▶ Problem statement: Copy the lines below exactly, starting at the one with "Kacamata Baca Plus" and ending at the one with "アメリカ 1911 5ドル", and leave out any picture.

▶ Source information:
================================

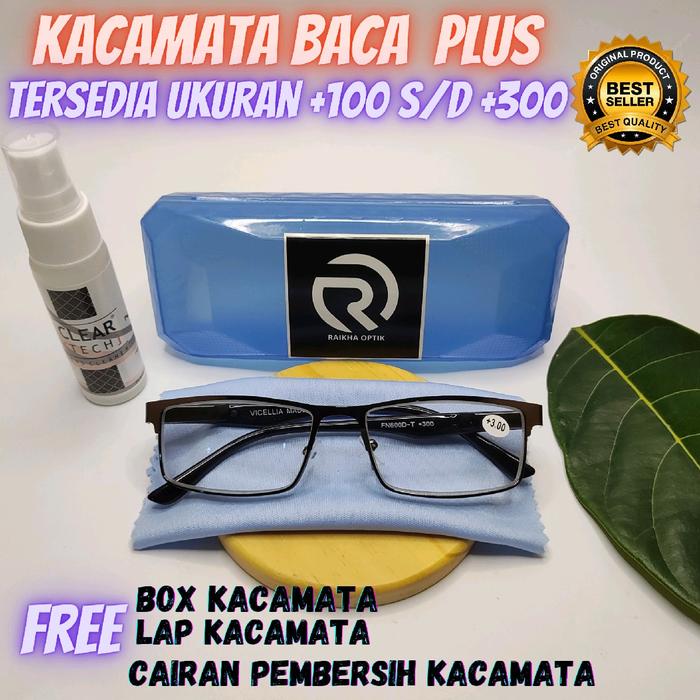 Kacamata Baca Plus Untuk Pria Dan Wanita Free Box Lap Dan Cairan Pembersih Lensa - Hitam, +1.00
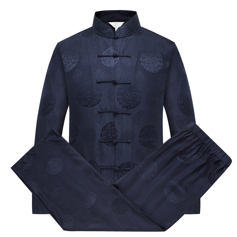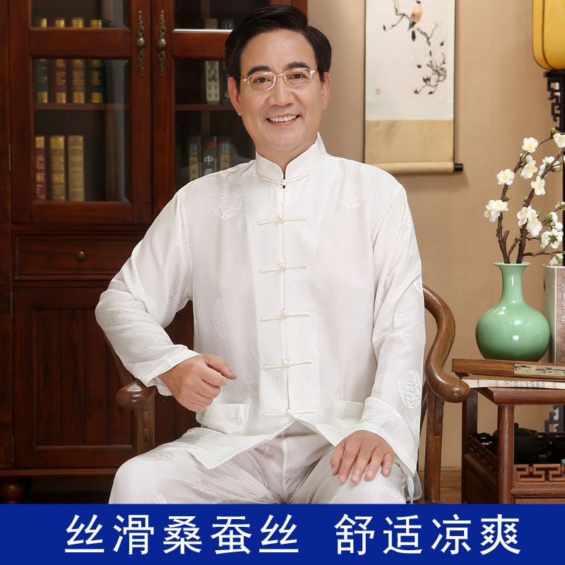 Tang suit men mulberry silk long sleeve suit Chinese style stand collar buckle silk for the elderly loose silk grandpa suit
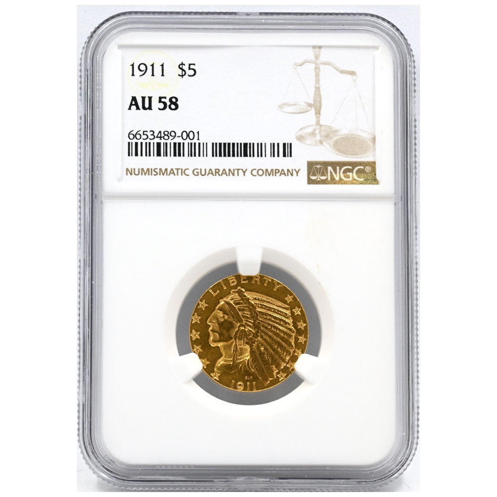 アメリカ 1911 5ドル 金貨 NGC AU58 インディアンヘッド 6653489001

================================

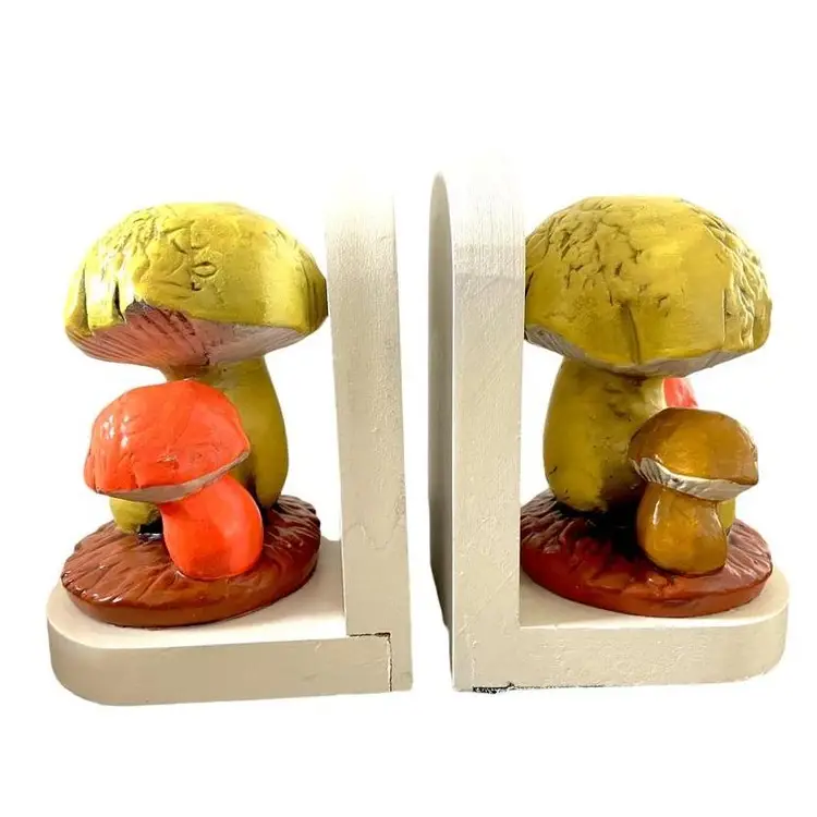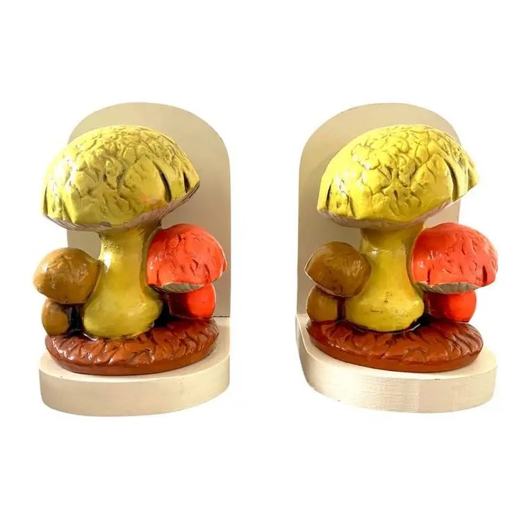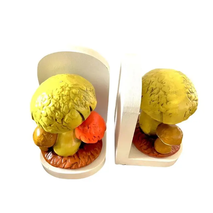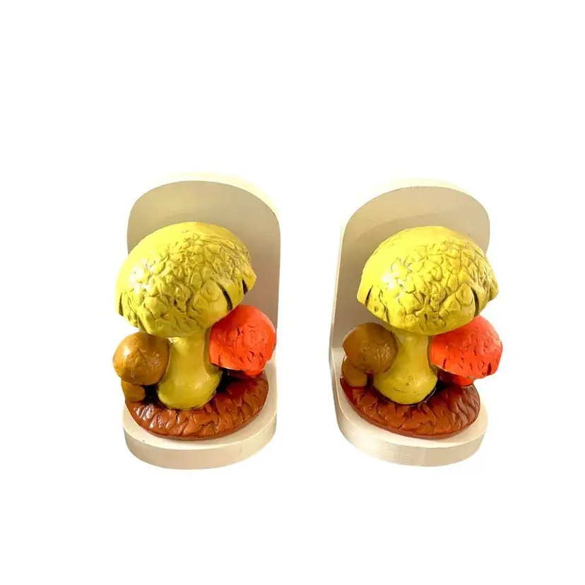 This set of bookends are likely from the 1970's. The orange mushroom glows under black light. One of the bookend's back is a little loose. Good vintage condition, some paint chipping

================================

▶ Answer to this exercise:
 Kacamata Baca Plus Untuk Pria Dan Wanita Free Box Lap Dan Cairan Pembersih Lensa - Hitam, +1.00
 Tang suit men mulberry silk long sleeve suit Chinese style stand collar buckle silk for the elderly loose silk grandpa suit
 アメリカ 1911 5ドル 金貨 NGC AU58 インディアンヘッド 6653489001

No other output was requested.